Damage tracking in laboratory reinforced concrete bridge columns under reverse-cyclic loading using fusion-based imaging

ORCID Icon, ORCID Icon, ORCID Icon & ORCID Icon
Pages 536-556 | Received 16 Feb 2023, Accepted 11 May 2023, Published online: 22 May 2023
 

ABSTRACT

Fusion-based imaging using ground-penetrating radar (GPR) and ultrasonic echo array (UEA) was employed to track damage progression in the columns of two full-scale reinforced concrete (RC) bridge column-footing subassembly laboratory specimens. The specimens had different lap-splice detailing and were subjected to reverse-cyclic lateral loading simulating a subduction zone earthquake. GPR and UEA scans were performed on the east and west faces of the columns at select ductility levels. Reconstructed images were obtained using the extended total focusing method (XTFM) and fused using a wavelet-based technique.

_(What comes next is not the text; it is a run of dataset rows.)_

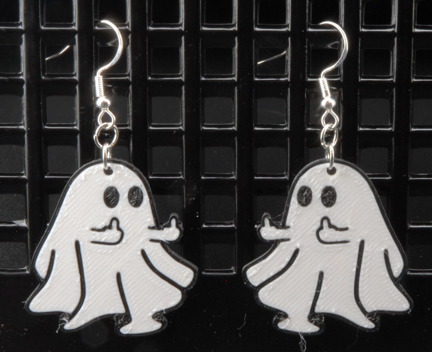 Lightweight, durable, and available with gold or silver hooks, these 3D printed earrings add a bit of rebellious humor to any outfit. Ideal for Halloween parties, goth fashion, or anyone who enjoys spooky style with a sense of humor.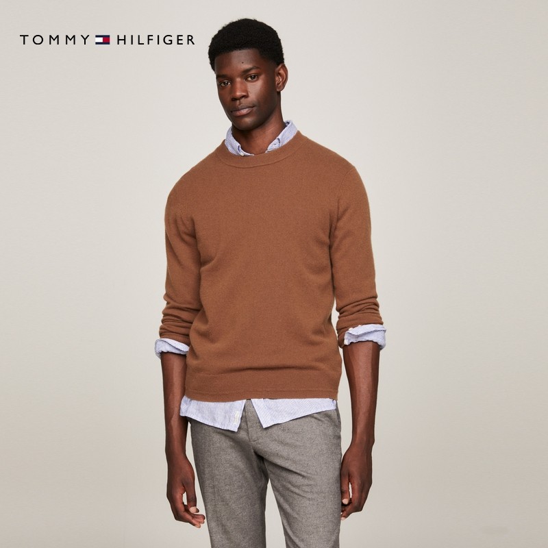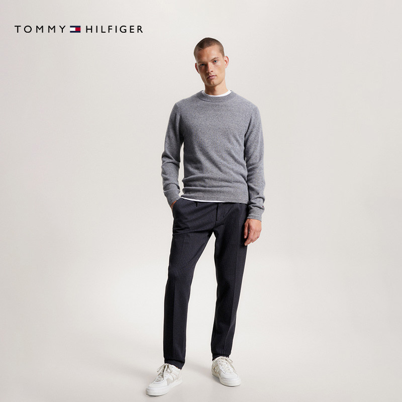 天猫Tommy秋冬男装商务休闲通勤纯色圆领内搭打底衫羊绒衫针织衫毛衣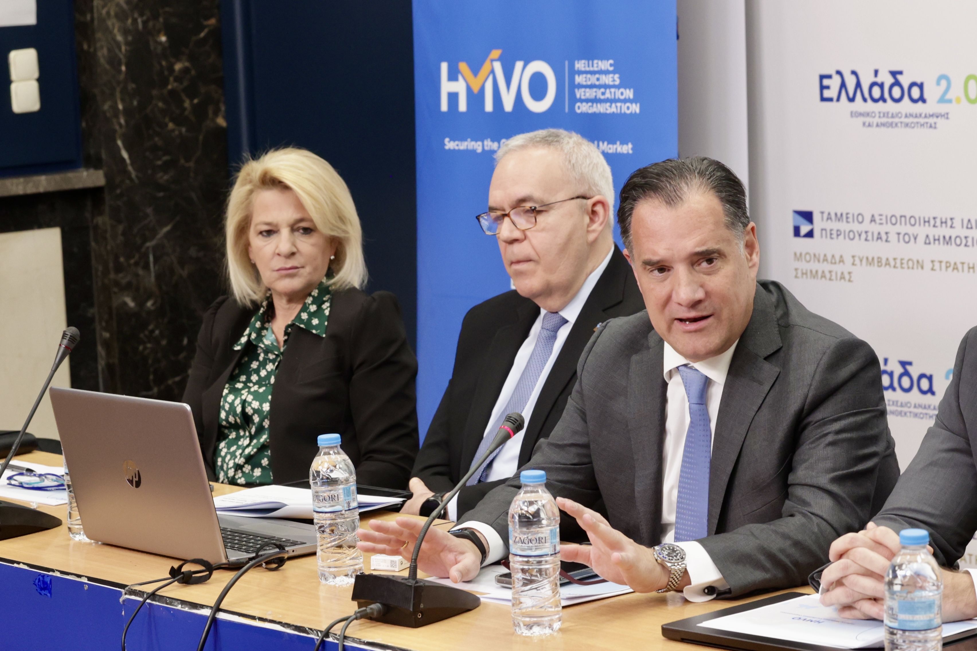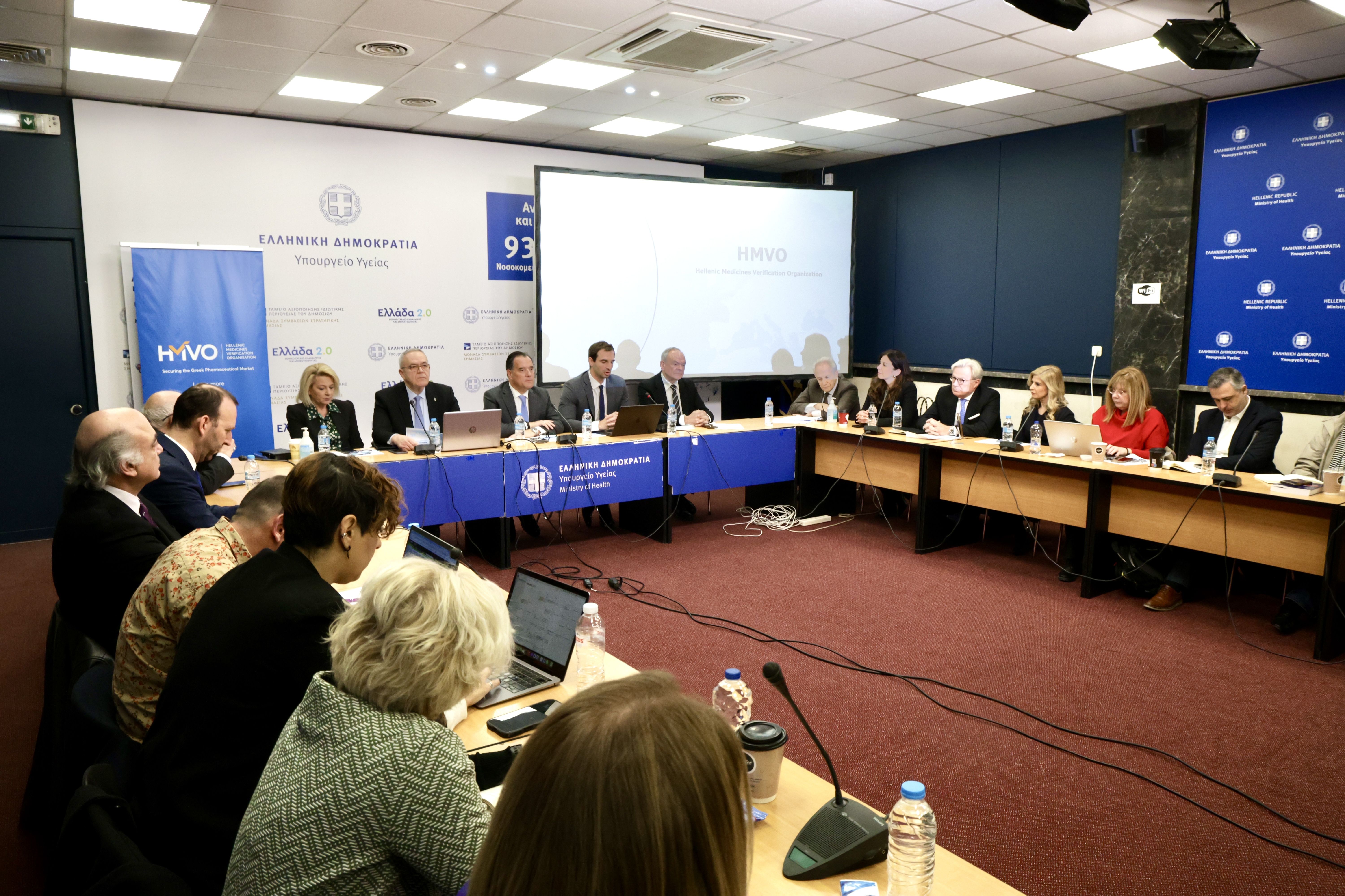 Ο Υπουργός Υγείας Άδωνις Γεωργιάδης παραχώρησε την Τρίτη 11 Φεβρουαρίου 2025, συνέντευξη τύπου για την έναρξη λειτουργίας του Ελληνικού Οργανισμού Επαλήθευσης Φαρμάκων (HMVO), η πλήρης λειτουργία του οποίου ξεκίνησε στις 9 Φεβρουαρίου 2025. Στην παρουσίαση συμμετείχαν τα μέλη του ΔΣ του HMVO, που αποτελείται από τον Σύνδεσμο Φαρμακευτικών Επιχειρήσεων Ελλάδος (Σ.Φ.Ε.Ε.), την Πανελλήνια Ένωση Φαρμακοβιομηχανίας (Π.Ε.Φ.), τον Πανελλήνιο Φαρμακευτικό Σύλλογο (Π.Φ.Σ.), το PhaRMA Innovation Forum (P.I.F.) και τον Σύλλογο Αντιπροσώπων Φαρμακευτικών Ειδών και Ειδικοτήτων (Σ.Α.Φ.Ε.Ε.), ο Γενικός Γραμματέας Στρατηγικού Σχεδιασμού Άρης Αγγελής, ο Πρόεδρος του ΕΟΦ, Ευάγγελος Μανωλόπουλος και η Διοικήτρια του ΕΟΠΥΥ, Θεανώ Καρποδίνη.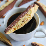 Melt the chocolate chips in a microwave-safe bowl and transfer to a loaf pan. Since the biscotti are long you will need a long dish to dip them in. Once the biscotti are fully cool down, dip them in the chocolate and place them on a sheet of wax paper to set. It will take a few hours for the chocolate to fully set.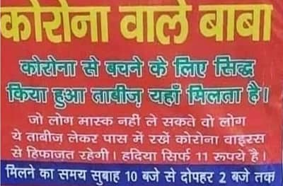 या बाबाने आपल्या दुकानाबाहेर एक बोर्ड लावला होता. ज्यामध्ये या भयानक व्हायरसला ठिक करण्याचा दावा या बाबाने केला होता. “जे लोक मास्क लावू शकत नाही. ते लोक लॉकेट घालून कोरोनापासून लांब राहू शकतात”, असं त्या बोर्डवर लिहिले होते.

Composite images of each column's interior were created by merging the images from both sides. A quantitative analysis based on the structural similarity (SSIM) index accurately captured damage progression. A backwall analysis using the amplitude of the backwall reflector was also performed. Changes as early as in the first measurement (μ = 0.5 displacement ductility level) could be detected. Damage variation along the column height was observed, consistent with greater damage at the base. The proposed analyses distinguished the structural behavior differences between the two specimens. In summary, the SSIM metric provides a valuable tool for detecting changes, while the backwall analysis offers simple yet informative insights into damage progression and distribution in full-scale RC members.

Acknowledgments

Full-scale experimental testing was carried out in the infraStructure Testing and Applied Research (iSTAR) Laboratory at Portland State University (PSU) and made possible by the Oregon Department of Transportation (ODOT) through sponsorship of their research project SPR 802 [3]. Additional funding to develop the imaging and image fusion algorithms used in this study was provided by a joint-seed grant from the Oregon Health and Science University (OHSU) and PSU. Research assistants at the iSTAR Laboratory, i.e., Patrick McCoy, Ilya Palnikov, Gregory Norton, Bradley Sharpshair, and Yuhang Wei, assisted with manufacturing, installation, and instrumentation of the test specimens, and their help is greatly appreciated.

Disclosure statement

No potential conflict of interest was reported by the authors.

Data availability statement

The data that support the findings of this study are available from the corresponding author, TS, upon reasonable request.

Additional information

Funding

The work was supported by the Oregon Department of Transportation [SPR 802]; Oregon Health and Science University and Portland State University [Joint-seed grant].